Dr. Danielle McCarthy honored for excellence

The UW Department of Medicine has selected UW-CTRI Research Director Dr. Danielle McCarthy for an Outstanding Senior Faculty Research Award for her exceptional contributions to research, mentorship and leadership.

Dr. Danielle McCarthy“Danielle continues to elevate UW-CTRI’s impact through her work to improve the reach and effectiveness of tobacco treatment, especially for populations disproportionately impacted by tobacco use and in cancer care settings,” said UW-CTRI Director Dr. Hasmeena Kathuria. “Her leadership of the NCI’s Cancer Center Cessation Initiative (C3I), development of the Tobacco Treatment Implementation Roadmap and work applying chronic care models to tobacco use are just a few examples of her impact.”

She was honored alongside other outstanding awardees during the virtual UW Department of Medicine Town Hall on October 22. Kathuria and UW-CTRI Researcher Dr. Jesse Kaye nominated McCarthy.

“Danielle’s research truly epitomizes the Wisconsin Idea,” said Kaye, a mentee of McCarthy. “She rigorously pursues new innovations that are not meant to stay within the ivory tower of academia, but are bound to positively impact the health of people who use tobacco in Wisconsin and throughout the country. Danielle’s research partnerships with the Salvation Army, the Wisconsin Tobacco Quitline and Cancer Centers around the country all reflect her relentless efforts to ensure that everyone who smokes has access to high-quality, evidence-based tobacco treatment.”
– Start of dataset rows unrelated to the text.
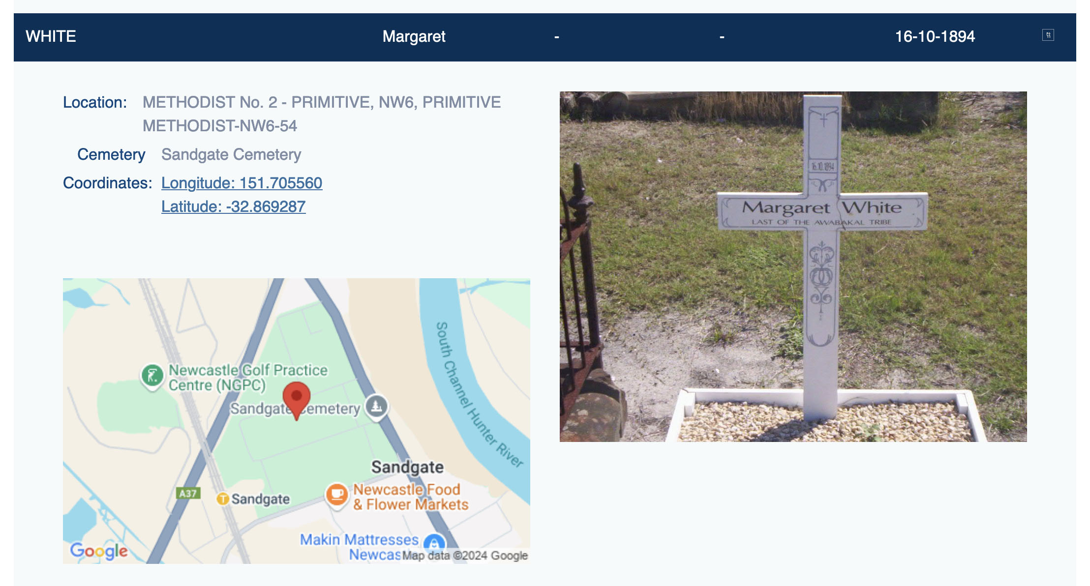 “The dwindling of the nation commenced on contact with the British, and for some years the bulk of the people were settled at Puntel (Toronto). After 1841 the remnant crossed over to Tulkaba (Swansea), and at a spot known as Kalog-gabba (“Far Away”) the exit was made. Queen Margaret, recognised as the last full-blood of the Awabakal nation, died in Newcastle Hospital, and was interred at Sandgate (Newcastle District General Cemetery).”
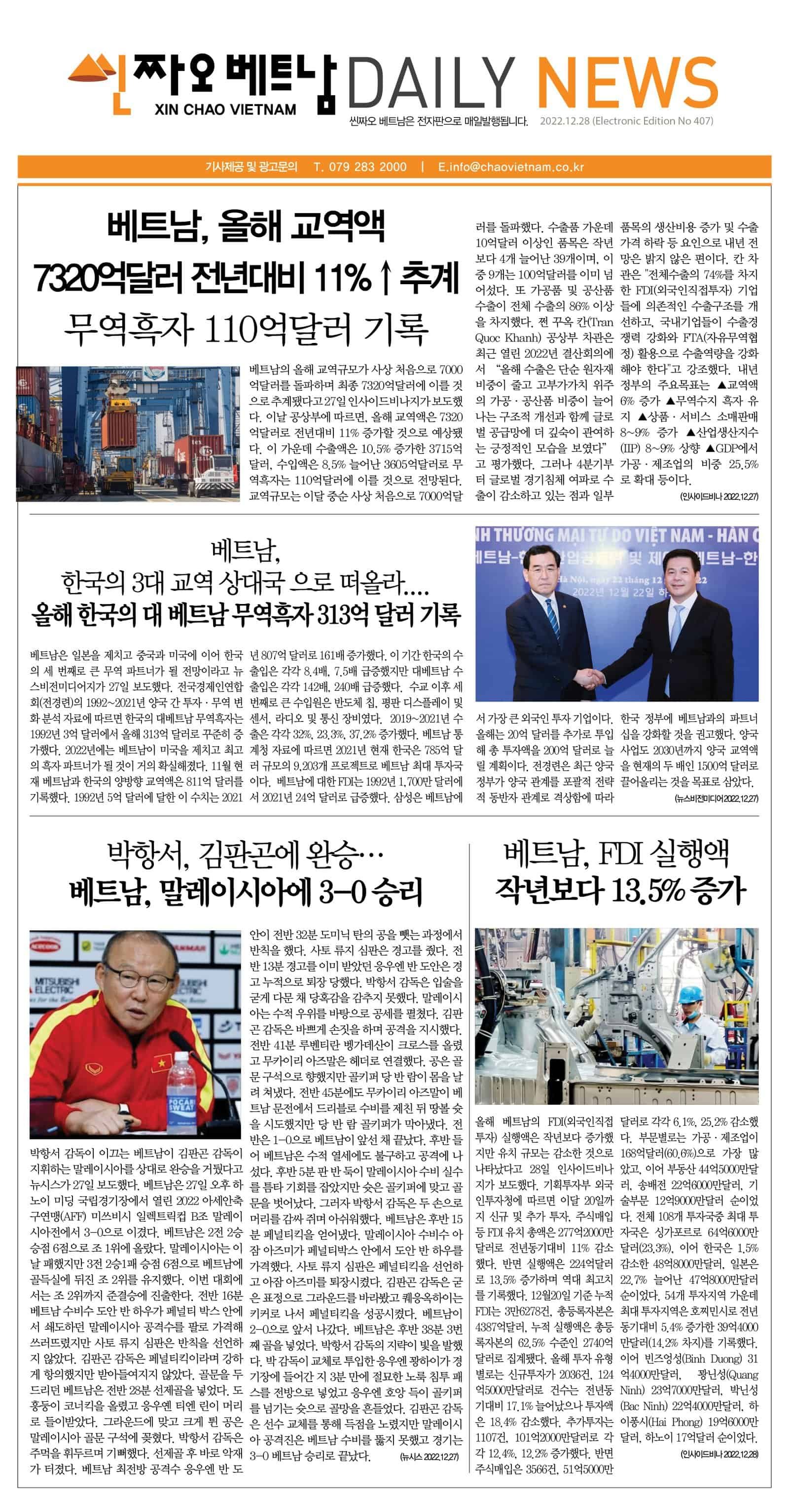 12월 28일 씬짜오베트남 데일리뉴스 chaovietnam 2022년 12월 28일 Daily News PDF, 뉴스 Leave a comment 50 Views Share Facebook Twitter Stumbleupon LinkedIn Pinterest
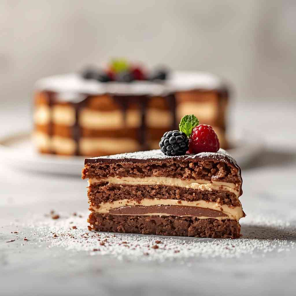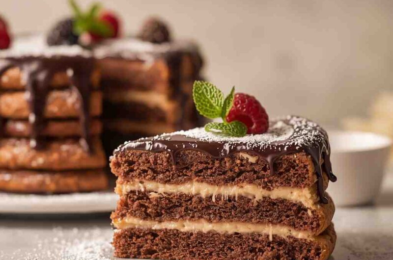 The cake’s custard-soaked layers mimic the texture of pastry, while the chocolate topping adds a glossy, indulgent finish. Perfect for special occasions, potlucks, or an elegant weekend treat, this dessert is as easy to assemble as it is delicious.
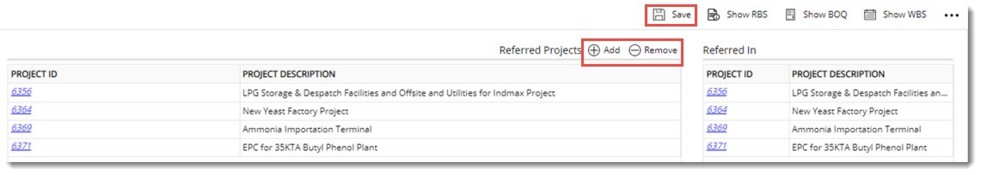 Listed in the Reference tab are two sets of reference details where the first one is a list of Other Projects referenced by the current Project. The second is a list of other Projects to which the current Project is referred.
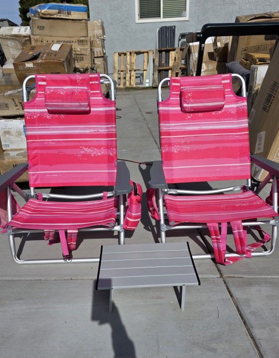 2 chairs and 1 table. Backpack straps for easily travel. Portable and perfect for the beach, traveling, backpacking, or camping. These items are used but in excellent condition. Measurements are on the second to last picture. Check out my other listings for more related items. Located off Yucca Loma Rd and Apple Valley Rd in the city of Apple Valley
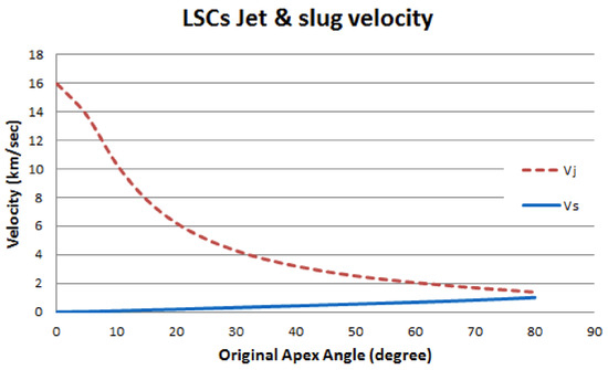 The original apex angle of LSCs is another important factor that controls the jet and slug velocities. According to the Birkhoff theory, a large apex angle creates slower jet velocity but slightly faster slug velocity, and the same tendency can be applied to the modified Birkhoff theory as well. Results comparing dependencies of the jet and slug velocities on the original apex angles follow (Table 3).
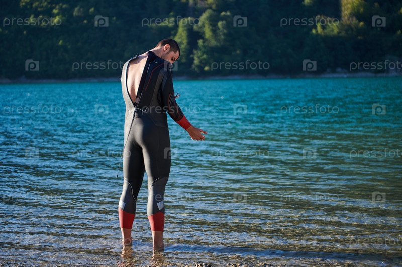 Настоящий спортсмен по триатлону готовится к тренировке по плаванию на озере
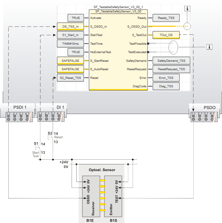 - The status signal of the sensor is connected to input terminal 1.1 of the safety-related input device PSDI 1 and assigned to the global I/O variable OS_TSS_In, which is connected in turn to the function block input S_OSSD_In.
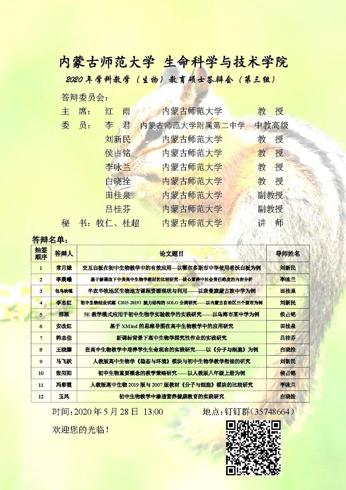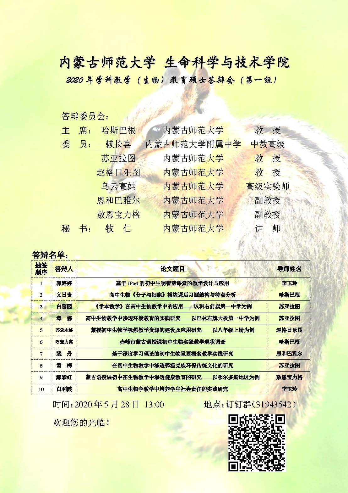 bwin必赢中国官网2020年学科教学(生物)教育硕士答辩会
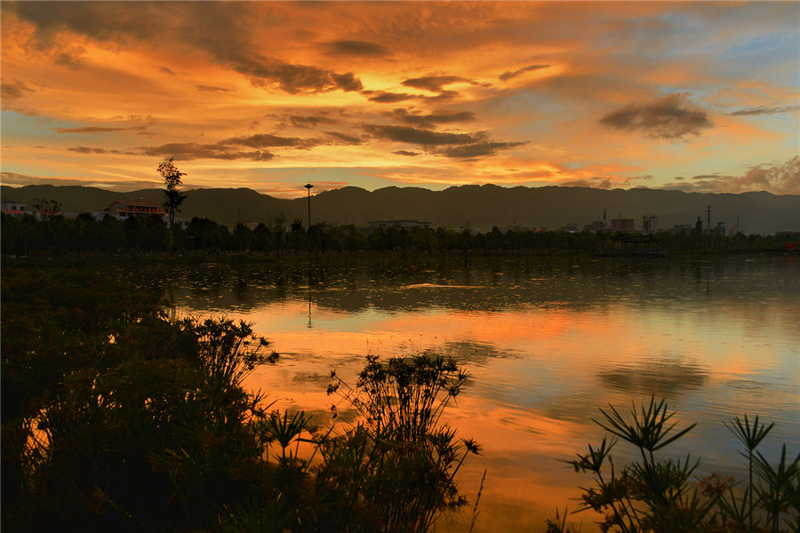 昌宁茶韵味公园晚霞如油画
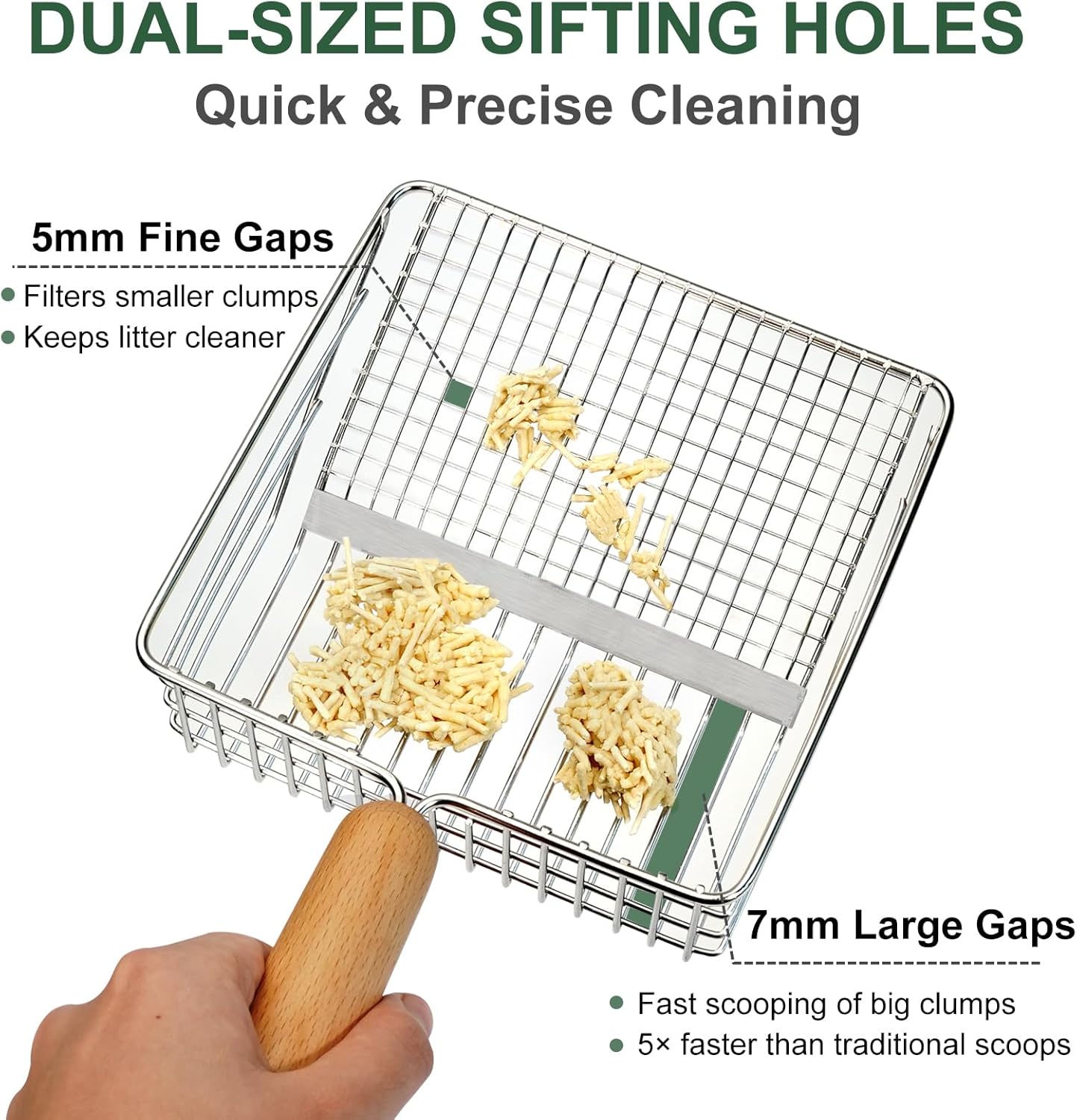 - One Scoop for Two Purposes, Faster Sifting: This metal cat litter scoop features a fine grid design at the front end to capture fine particles and cat waste accurately, while the wide-slit design at the back end easily scoops up larger waste pieces. This allows for efficient cleaning and recycling. Itβs a nice cat scooper for litter box

McCarthy leads a program of research focused on the development, refinement and implementation of treatments to help people stop smoking cigarettes. As part of this research program, she studies the psychological changes that people experience leading up to and during an attempt to quit smoking and ways in which treatments do (or do not) affect these experiences. She has also worked with colleagues to apply longitudinal data models to better understand the processes of change in smoking and the way treatments affect these processes.

Her recent work focuses on ways to enhance quitline services for socioeconomically disadvantaged adults who smoke and ways to equitably enhance the reach of evidence-based treatment in healthcare and community settings to help more people who smoke to quit. The overall aim of this work is to find new and improved ways to help people stop smoking for good.

McCarthy is a named UW-CTRI Director of Research Professor.

“Thank you to Hasmeena and Jesse for nominating me for a departmental award,” McCarthy said. “I am very touched and grateful. Working with UW-CTRI colleagues is a joy – that is the real reward! This recognition is icing on an already delicious cake.”